The more interesting Robinhood data needs auth. The private shorting endpoint I found is shaped like this:
GET /instruments/{instrument_id}/shorting/
That endpoint is where the broker-specific short availability and borrow-rate story gets interesting. I don't want to silently replace Robinhood's borrow rate with FINRA short interest or some third-party estimate. Those are different things. If the app can't get Robinhood's broker-specific number, it should say so.

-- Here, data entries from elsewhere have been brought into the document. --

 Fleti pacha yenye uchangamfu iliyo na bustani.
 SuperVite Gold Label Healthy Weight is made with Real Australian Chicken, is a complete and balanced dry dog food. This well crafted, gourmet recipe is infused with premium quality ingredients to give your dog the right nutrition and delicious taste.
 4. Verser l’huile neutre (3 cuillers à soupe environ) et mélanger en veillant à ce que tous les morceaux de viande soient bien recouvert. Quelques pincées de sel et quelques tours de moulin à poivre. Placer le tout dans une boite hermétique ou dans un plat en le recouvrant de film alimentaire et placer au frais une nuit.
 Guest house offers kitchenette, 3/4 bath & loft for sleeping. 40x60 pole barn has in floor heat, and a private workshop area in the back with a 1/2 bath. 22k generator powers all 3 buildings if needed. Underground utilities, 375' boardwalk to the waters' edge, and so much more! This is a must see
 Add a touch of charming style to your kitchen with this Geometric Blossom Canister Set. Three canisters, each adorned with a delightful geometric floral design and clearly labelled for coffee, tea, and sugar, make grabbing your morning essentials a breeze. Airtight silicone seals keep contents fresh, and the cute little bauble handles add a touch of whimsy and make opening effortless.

The comparison that matters
With requirements from both brokers, I built a comparison panel in the app's sidebar. For any symbol I'm looking at, it can show something like:
CRCA Margin Comparison
Long maintenance: RH 60% | ET 100%
Short maintenance: RH -- | ET 300%
Below that sits the margin interest rate comparison. Those rates come from public pricing pages for Robinhood, E*TRADE, and Schwab. The plan is boring on purpose: fetch the public pages once per day, parse the margin-rate section, normalize the schedule, hash it, and only save a new snapshot when the normalized data changes.
Margin interest (<$10k, Gold):
Robinhood Gold 5.75% $0.56/day
Schwab 11.83% $1.64/day
E*TRADE 12.45% $1.73/day
Robinhood is meaningfully cheaper for margin. That's not a secret, but seeing the daily cost difference for a specific position makes it concrete. For a $10k margin balance, you're paying about $3.45/day on E*TRADE versus about $1.60/day on Robinhood Gold. Over a year, that's roughly $675 in interest spread.

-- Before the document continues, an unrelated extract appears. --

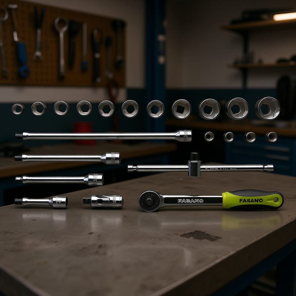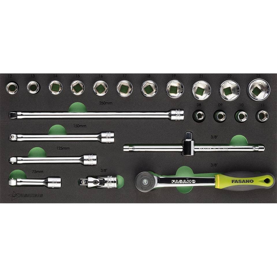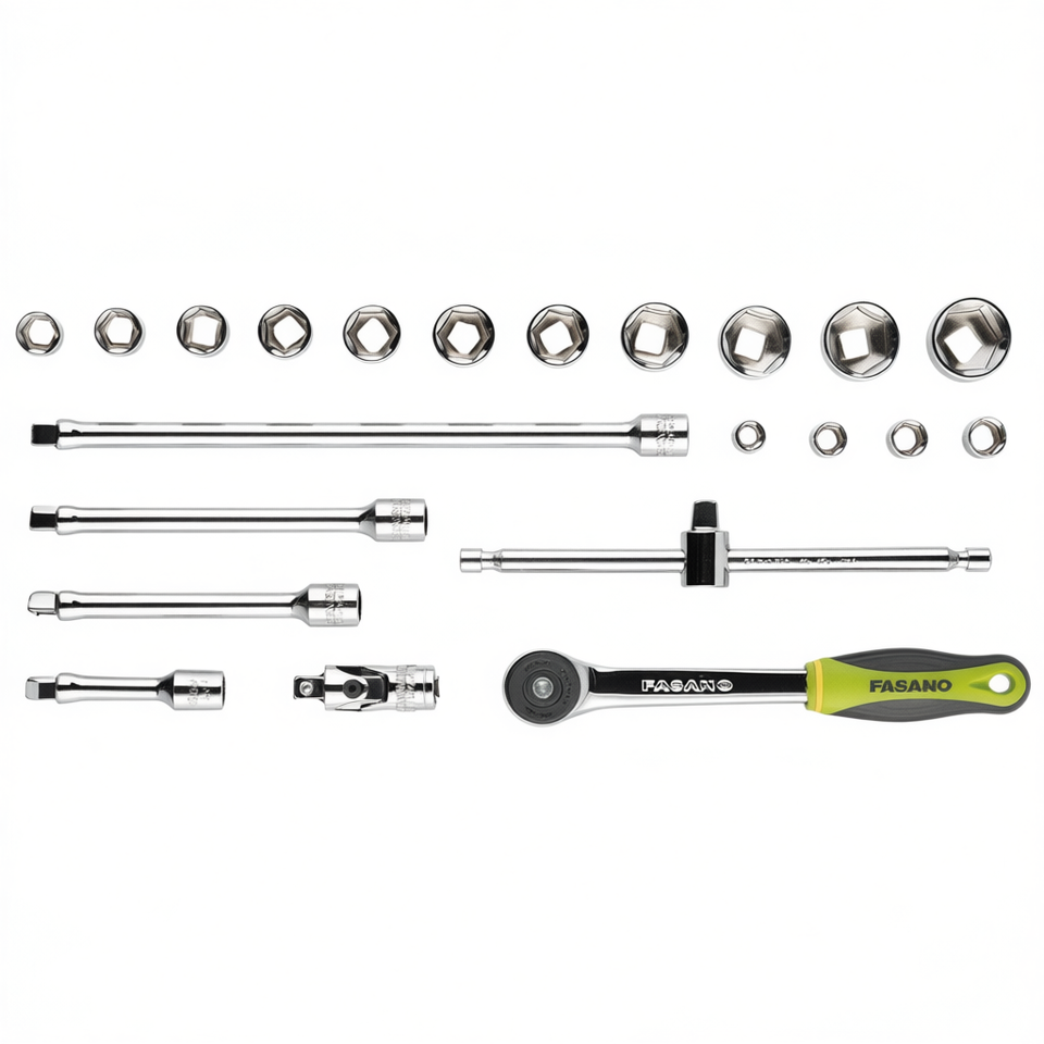 Fasano Socket Set 3/8 Inch 12-23mm With Ratchet And Extensions For Auto Repair

Now I can see that inside the workstation instead of doing napkin math after the fact.
The documentation capture
All of this started with HAR files. I opened Chrome DevTools on each broker's site, clicked around the margin tools and API docs, and saved the network traffic. Then I built redacted documentation from the captures instead of committing raw secrets.
The unredacted local inventory is huge. Robinhood alone had 61,000+ sensitive fields across 1,691 HTTP entries. Cookies, tokens, account identifiers, the usual mess. None of that belongs in git.
So I kept redacted versions instead: Robinhood market and margin notes, E*TRADE margin tool extraction notes, Schwab API documentation, a broker margin-rate file, and a sensitive-data inventory that explains what existed without exposing the values.
That matters because the next time I need to check an endpoint signature, I don't have to re-capture a HAR or trust some stale forum post. I can read the redacted docs and then go back to the live broker session only when I need fresh data.
Where Schwab fits
Schwab is the most official of the three. The Trader API has real documentation for market data, account data, positions, orders, and the usual OAuth flow. That's cleaner than scraping a public margin tool or using private app endpoints.
But the exact thing I wanted, broker-specific margin and shorting fields for a symbol in the same shape Robinhood and E*TRADE expose, is less direct. Some hard-to-borrow fields show up where Schwab exposes them in schemas, but the coverage isn't the same as "give me the short maintenance and current borrow situation for this symbol right now."
That's the funny split: Schwab has the strongest official API story, E*TRADE has a useful public web margin endpoint, and Robinhood exposes extremely useful private app data if you're authenticated and careful about what you're asking for.
What's next
The Schwab adapter is scaffolded but dormant while I finish the developer app registration. Robinhood's authenticated endpoints for short inventory, borrow rates, and instrument-specific buying power need token wiring. And the margin rate scraper should run on a daily cron instead of relying on hard-coded baseline values.
But tonight's work already changed how I think about positions. The numbers are real now, and they're different for every broker.
Disclaimer: This is not financial advice, trading advice, tax advice, or legal advice. Margin trading and short selling can amplify losses, and broker requirements can change without warning. Check the live broker data and talk to a qualified professional before making decisions with real money.